Speech-to-text, text-to-speech, and voice agents. Audio is the interface where LLMs stop being text tools and become genuinely conversational. The stack: Whisper (or Deepgram) for ASR, an LLM for reasoning, ElevenLabs (or OpenAI TTS) for synthesis.

ASR (Automatic Speech Recognition)

Whisper

OpenAI's open-source ASR model. Best open-source accuracy across 99 languages.

import whisper

# Load model (tiny/base/small/medium/large-v3)
# large-v3: highest accuracy, requires ~10GB VRAM
# small: good balance for most use cases, ~2GB VRAM
model = whisper.load_model("large-v3")

# Transcribe file
result = model.transcribe("audio.mp3")
print(result["text"])

# With word timestamps
result = model.transcribe("audio.mp3", word_timestamps=True)
for segment in result["segments"]:
    for word in segment["words"]:
        print(f"{word['start']:.2f}s: {word['word']}")

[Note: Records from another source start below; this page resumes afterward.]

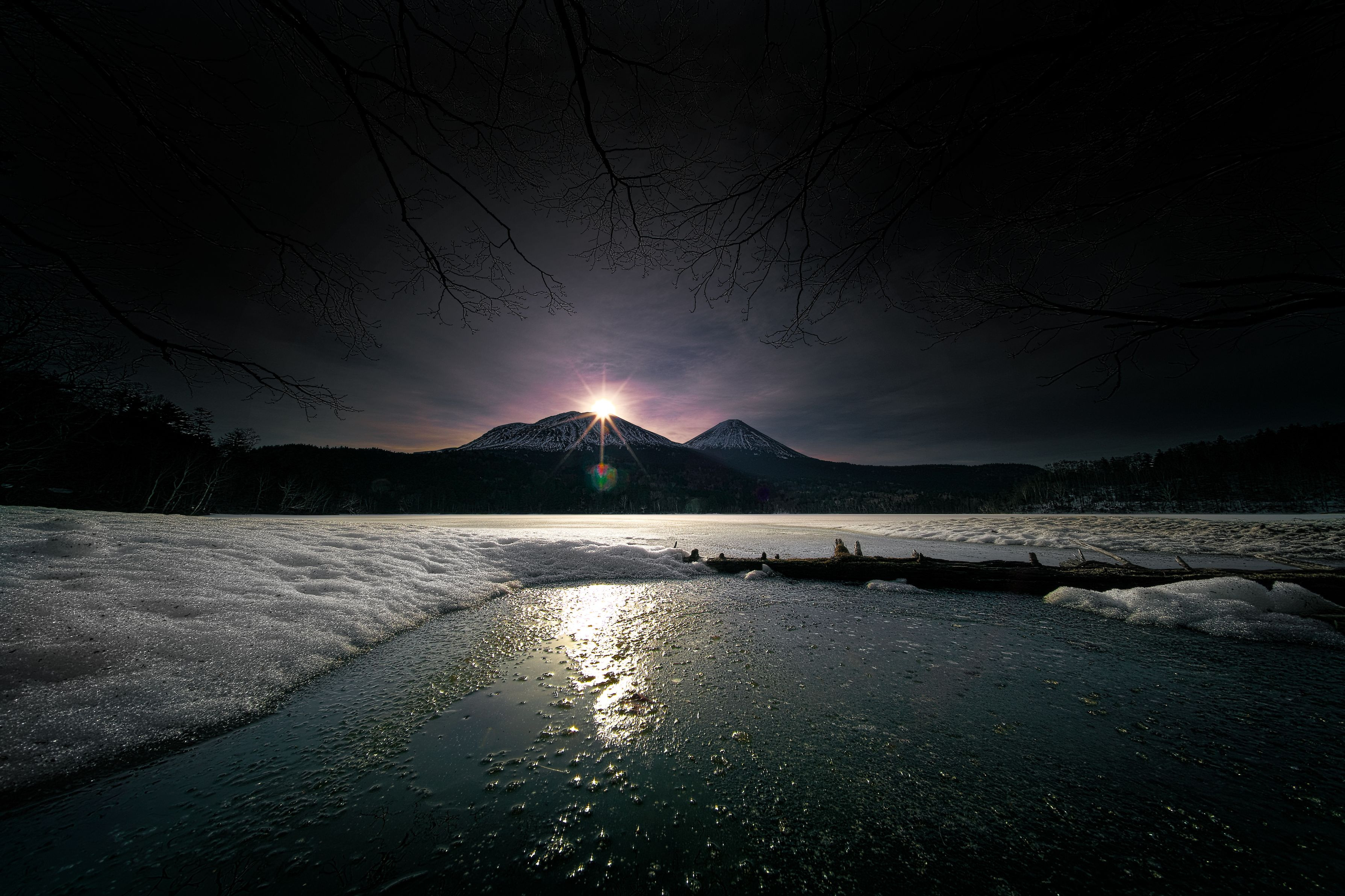 2019/4/14 足寄町 α9+Voigtlander HELIAR-HYPER WIDE 10mm F5.6+NiSi NANO IR ND64+NiSi NANO REVERSE IR GND 8 partⅠの1時間半後、雌阿寒の頂上から朝陽が顔を出しました。その頃には朝焼けの色はすっかり抜け、鈍色の空に変わっていました。
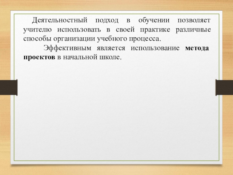 Слайд 8Деятельностный подход в обучении позволяет учителю использовать в своей практике различные
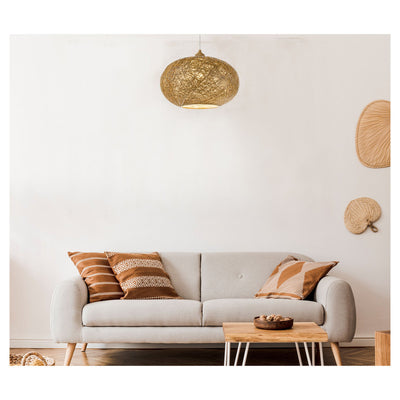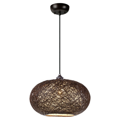 Spherical dual shades constructed of woven string in two tone finish combinations, Natural with White inner and Chocolate with White inner. Shades are treated for weather resistance and are U.L. approved for damp location which make them perfect for outdoor living spaces.
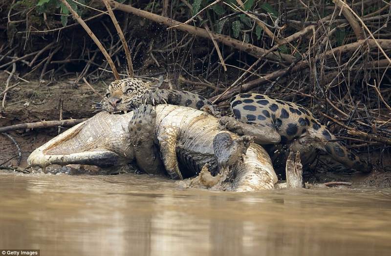 Một con cá sấu khủng tưởng như vô địch thiên hạ đã bị một con báo xuống sông cắn chết rồi lôi lên bờ. Cảnh tượng độc đáo này đã được một nhiếp ảnh gia chụp được hôm 26/9. Tác giả bộ ảnh nói rằng anh chưa bao giờ nhìn thấy con cá sấu nào lớn tới vậy ở khu vực sông Brazil.
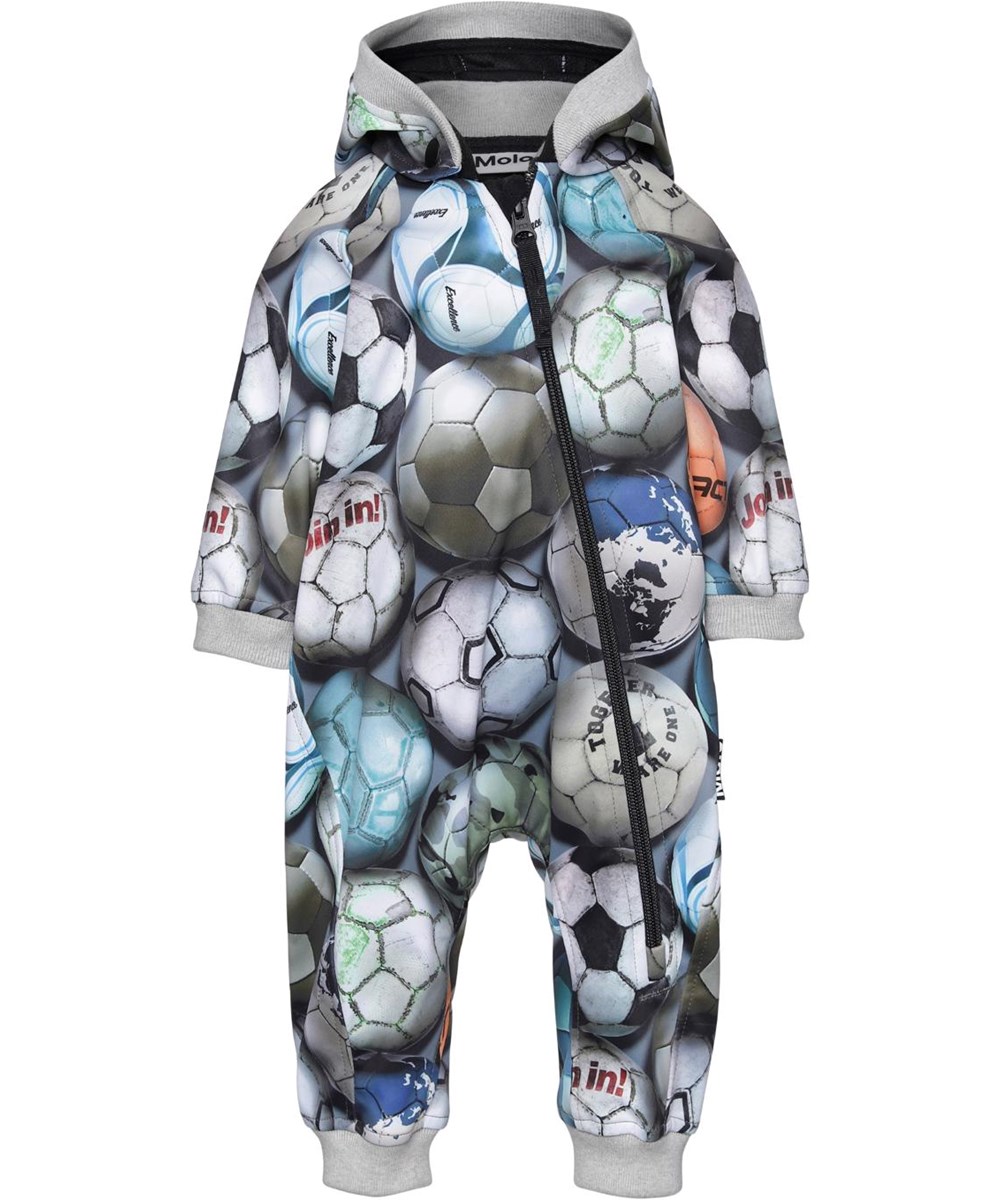 Molo Hill softshell-overall Football Camo är en praktisk säsongs-overall för småbarn. Den mjuka, vattentäta och andningsbara overallen har en lång dragkedja som underlättar påklädning.

# Translate to English (any language → English)
result = model.transcribe("french_audio.mp3", task="translate")

faster-whisper

4x faster than original Whisper, same accuracy. Uses CTranslate2 backend.

from faster_whisper import WhisperModel

# Download quantised model (INT8 — smaller, faster)
model = WhisperModel("large-v3", device="cuda", compute_type="int8")

segments, info = model.transcribe("audio.mp3", beam_size=5)

print(f"Detected language: {info.language} ({info.language_probability:.0%})")
for segment in segments:
    print(f"[{segment.start:.2f}s → {segment.end:.2f}s] {segment.text}")

OpenAI Whisper API

Managed, no GPU needed:

from openai import OpenAI
client = OpenAI()

with open("speech.mp3", "rb") as audio_file:
    transcript = client.audio.transcriptions.create(
        model="whisper-1",
        file=audio_file,
        response_format="verbose_json",  # includes word timestamps
        timestamp_granularities=["word"],
    )

print(transcript.text)
for word in transcript.words:
    print(f"{word.word}: {word.start:.2f}s")

Deepgram

Fastest real-time ASR, best for live streaming. 30-50% cheaper than Whisper API at scale.

from deepgram import DeepgramClient, PrerecordedOptions

dg = DeepgramClient("DEEPGRAM_API_KEY")

with open("audio.mp3", "rb") as f:
    buffer_data = f.read()

options = PrerecordedOptions(
    model="nova-3",              # Deepgram's latest model
    smart_format=True,           # auto-punctuation, paragraphs
    diarize=True,                # speaker separation
    language="en-US",
)

response = dg.listen.rest.v("1").transcribe_file(
    {"buffer": buffer_data, "mimetype": "audio/mp3"},
    options,
)
print(response.results.channels[0].alternatives[0].transcript)

TTS (Text-to-Speech)

ElevenLabs

Best quality. Natural-sounding, emotion-aware, voice cloning.

from elevenlabs import ElevenLabs, VoiceSettings

client = ElevenLabs(api_key="ELEVENLABS_API_KEY")

# Generate speech
audio = client.text_to_speech.convert(
    voice_id="21m00Tcm4TlvDq8ikWAM",  # Rachel voice
    text="Hello, how can I help you today?",
    model_id="eleven_turbo_v2_5",      # fastest, lowest latency
    voice_settings=VoiceSettings(
        stability=0.5,
        similarity_boost=0.75,
        style=0.0,
        use_speaker_boost=True,
    ),
)

# Write to file
with open("output.mp3", "wb") as f:
    for chunk in audio:
        f.write(chunk)

OpenAI TTS

Simpler, cheaper, lower latency than ElevenLabs. Good enough for most applications.

from openai import OpenAI
from pathlib import Path

client = OpenAI()

# Generate speech
response = client.audio.speech.create(
    model="tts-1",          # or "tts-1-hd" (higher quality, slower)
    voice="alloy",          # alloy/echo/fable/onyx/nova/shimmer
    input="The quick brown fox jumps over the lazy dog.",
    speed=1.0,              # 0.25 to 4.0
)

# Stream to file
response.stream_to_file("output.mp3")

Streaming TTS for Low Latency

The key to a natural voice assistant: start speaking before the LLM finishes generating.

import asyncio
import anthropic
from elevenlabs import ElevenLabs, stream as el_stream

async def voice_response(user_text: str):
    anthropic_client = anthropic.Anthropic()
    el_client = ElevenLabs(api_key="ELEVENLABS_API_KEY")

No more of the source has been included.